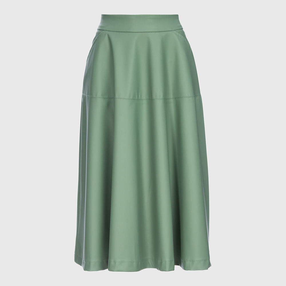 Saia de Couro Midi com Bolso - Verde
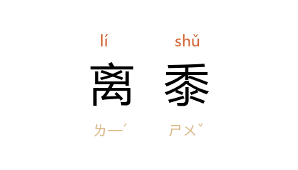 ⒈ 《诗·王风·黍离序》:“《黍离》,闵宗周也。周大夫行役至于宗周,过故宗庙宫室,尽为禾黍,闵周室之颠覆,仿徨不忍去,而作是诗也。”后遂以“离黍”为慨叹亡国之典。
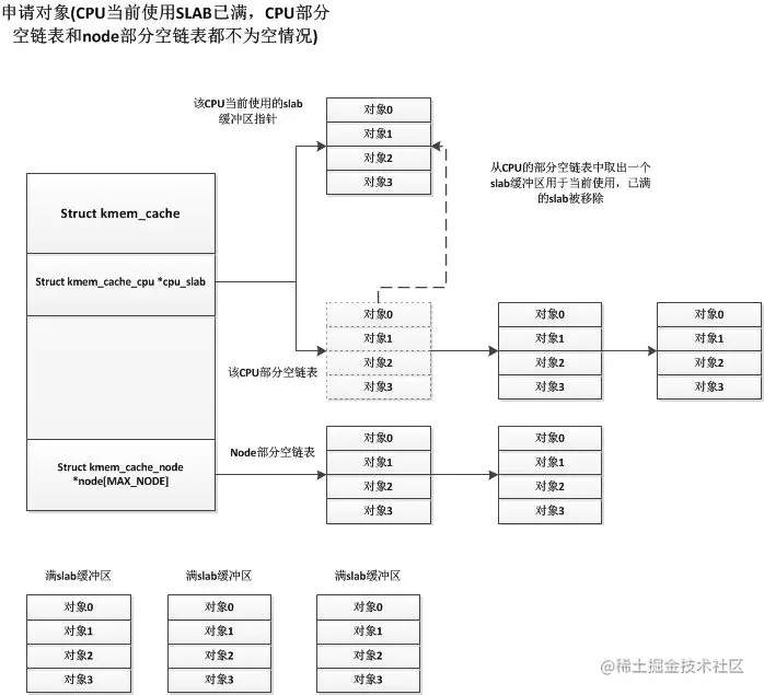 这时候当前CPU获得了一个空闲slab缓冲区,并将其中的一个空闲对象分配出去,而下次申请对象时也会从该slab缓冲区中获取对象,直到此缓冲区中对象用完为止。
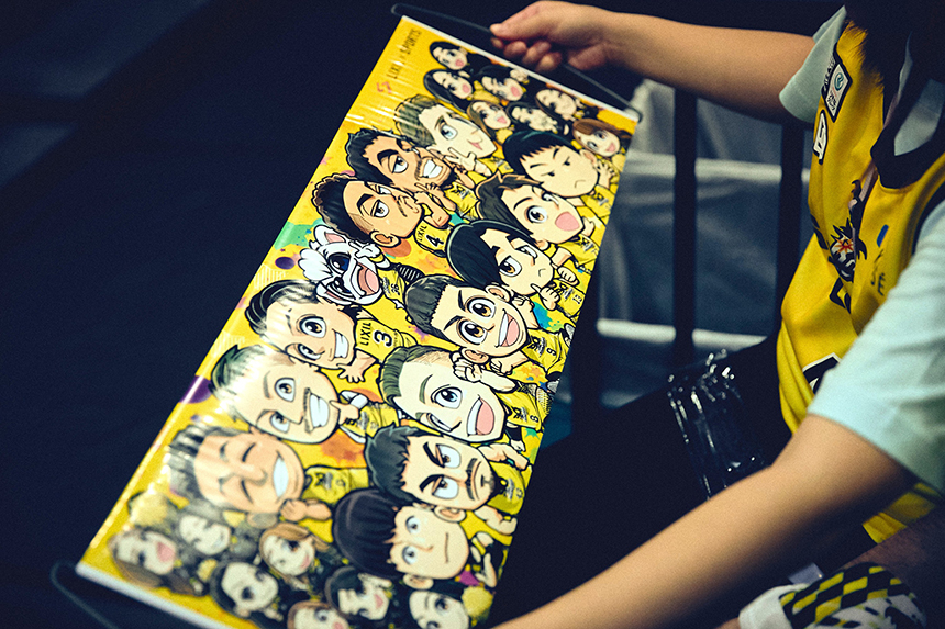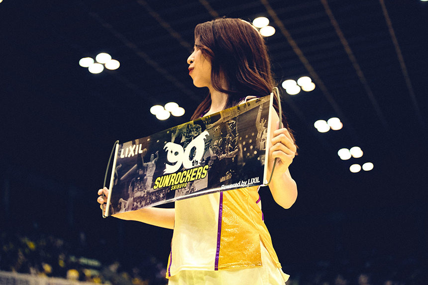ホーム開幕戦は特別なものだと考えており「開幕は是非とも弊社で冠パートナーをさせていただきたい」と以前からお願いしていて、クラブにご協力いただきました。今シーズンはカーボンオフセットをこの試合でやらせていただきましたが、単純なブランディングだけではなく、LIXILの事業を認知していただくための仕掛けも必ず入れさせていただいております。ハンドフラッグに関しては、ファンの皆さんとの一体感を出して、かつ形に残るものがいいと思い、製作しました。普段はチームカラーのイエローをベースにするのですが、今回は90周年ビジュアルを入れ、もう片面にはここ数年恒例となった漫画家の千田純生(ちだ・じゅんせい)さんによる全選手とサンロッカーガールズのイラストを入れさせていただきました。

Assignment:
The finished answer is an exact repetition of the listing, with every picture removed.

Output:
 Saia de Couro Midi com Bolso - Verde
 ⒈ 《诗·王风·黍离序》:“《黍离》,闵宗周也。周大夫行役至于宗周,过故宗庙宫室,尽为禾黍,闵周室之颠覆,仿徨不忍去,而作是诗也。”后遂以“离黍”为慨叹亡国之典。
 这时候当前CPU获得了一个空闲slab缓冲区,并将其中的一个空闲对象分配出去,而下次申请对象时也会从该slab缓冲区中获取对象,直到此缓冲区中对象用完为止。
ホーム開幕戦は特別なものだと考えており「開幕は是非とも弊社で冠パートナーをさせていただきたい」と以前からお願いしていて、クラブにご協力いただきました。今シーズンはカーボンオフセットをこの試合でやらせていただきましたが、単純なブランディングだけではなく、LIXILの事業を認知していただくための仕掛けも必ず入れさせていただいております。ハンドフラッグに関しては、ファンの皆さんとの一体感を出して、かつ形に残るものがいいと思い、製作しました。普段はチームカラーのイエローをベースにするのですが、今回は90周年ビジュアルを入れ、もう片面にはここ数年恒例となった漫画家の千田純生(ちだ・じゅんせい)さんによる全選手とサンロッカーガールズのイラストを入れさせていただきました。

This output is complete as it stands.